Constantly policing my thoughts is exhausting. But it’s the only way I know how to cope.

“Let’s go. It’s fucking freezing.” I shove my hands in my pockets as I hustle toward the elevator bank. Greer has my jacket, so I had to go without it this morning.

George tucks his chin into the collar of his puffer coat. “No shit. Where the hell is spring? It was torture leaving bed this morning.”

“Because you weren’t the only one in it?”

“Pot, meet kettle.”

I hold open the door. “I actually have a date coming up.”

“No shit!”

I resist the temptation to roll my eyes. Then again, Porg isn’t out of line. I take women home, but I never take them out on dates. “Yeah. A real date.”

“With a real girl?”

“She was real back in high school. My dad’s setting us up.”

Porg hits the elevator button. “Does he know how much of a man rocket you are?”

“What the fuck is a man rocket?”

He gives a look. “Oh, you know what a man rocket is. And man rockets don’t ever change.”

“People can change.”

“Penises don’t.”

Together we make our way through the maze of tunnels that connect the buildings in uptown Charlotte. Part of me wants to be left alone. But a bigger part appreciates the company. George was by my side at the funeral, and he’s made it a point to be at my side on this day in the fifteen years since. By now, he knows I don’t want to talk. But he knows I still need help, and this is how he offers it. By being present.

I appreciate the gesture more than he’ll ever know.

I do my best to breathe around the constriction in my throat. I silently chant every throwaway line about grief I’ve been fed.

One breath, one step, one day at a time.

The only way out is through.

Feel your feelings.

Too bad I’m so fucking terrified of my feelings I can’t let them pierce my shell. Otherwise they’ll take me out. They’re so big and so overwhelming, I’ll be obliterated.

And where would that leave me? I need to survive. To keep pushing through, so I can live the life I know Lizzie would want for me.

I just need to muscle through this day. Then the pain, the worst of it anyway, will pass.

“Supposed to be nice this weekend,” George is saying. “Almost in the seventies on Saturday. Wanna head up to my parents’ lake house? Get some rowing in? I know my mom would love to see you.”

George’s parents own a big-ass house on Lake Norman, a large man-made lake about half an hour from uptown. “You sure you don’t have plans this weekend?”
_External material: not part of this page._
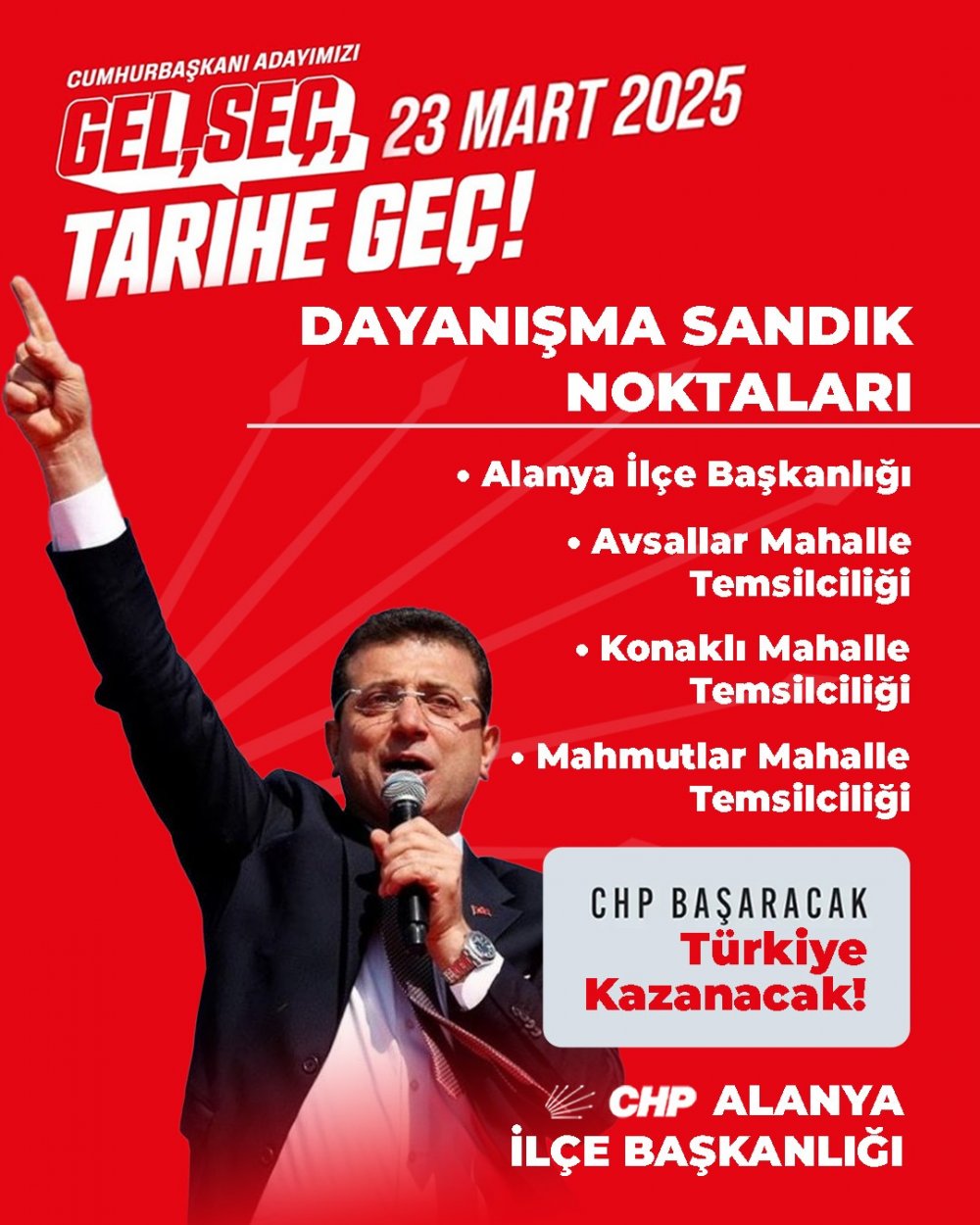 Cumhuriyet Halk Partisi (CHP), yarın yapılacak olan ön seçim için Alanya halkına katılım çağrısında bulundu. Parti afişlerinde “Kurtuluş yok tek başına, ya hep beraber ya hiçbirimiz” sloganlarına yer verildi.

He smirks. “I always have plans. But I’ll cancel them for you.”

“I’ll get a workout in, sure.” And then, because I’m an idiot: “Should we ask Greer to come?”
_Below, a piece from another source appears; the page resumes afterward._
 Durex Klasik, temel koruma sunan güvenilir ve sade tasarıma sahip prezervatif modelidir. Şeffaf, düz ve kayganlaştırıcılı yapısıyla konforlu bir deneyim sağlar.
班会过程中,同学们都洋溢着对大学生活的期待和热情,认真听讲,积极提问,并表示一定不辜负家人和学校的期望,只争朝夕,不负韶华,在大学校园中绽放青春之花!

George shrugs. “Mom always asks Greer up to the lake, but she’s too busy working.”

“She works fucking hard, man. Maybe too hard.”

“Trust me, I know. I’m worried about her. But she’s dead set on my parents making money on their investment. I think she’s afraid of disappointing them. Being a burden.”

“No one would ever think she’s a disappointment. Or a burden.”

Porgeous just shakes his head. “Try telling her that.”

Greer is behind the counter of Drury Lane Bakery when George and I roll up a few minutes later. She’s moving so quickly she’s practically a blur. She grabs a tray of muffins, crouching to slide the tray onto her waiting cart. She stands back up and whirls around, lifting a gallon of what appears to be iced coffee and setting that on the cart too. She crouches again to open a lowboy, scoop out some ice, and toss that ice into the small cooler on the cart. She grabs a column of plastic cups and sets that next to the cooler. Then she’s turning around and looking up and our eyes meet.

Another kick to the chest.

Her eyes are a velvety shade of brown. Just light enough for the irises to be discernible from the pupils.

I frown at the dark circles beneath them. I notice her shoulders are hunched up around her ears.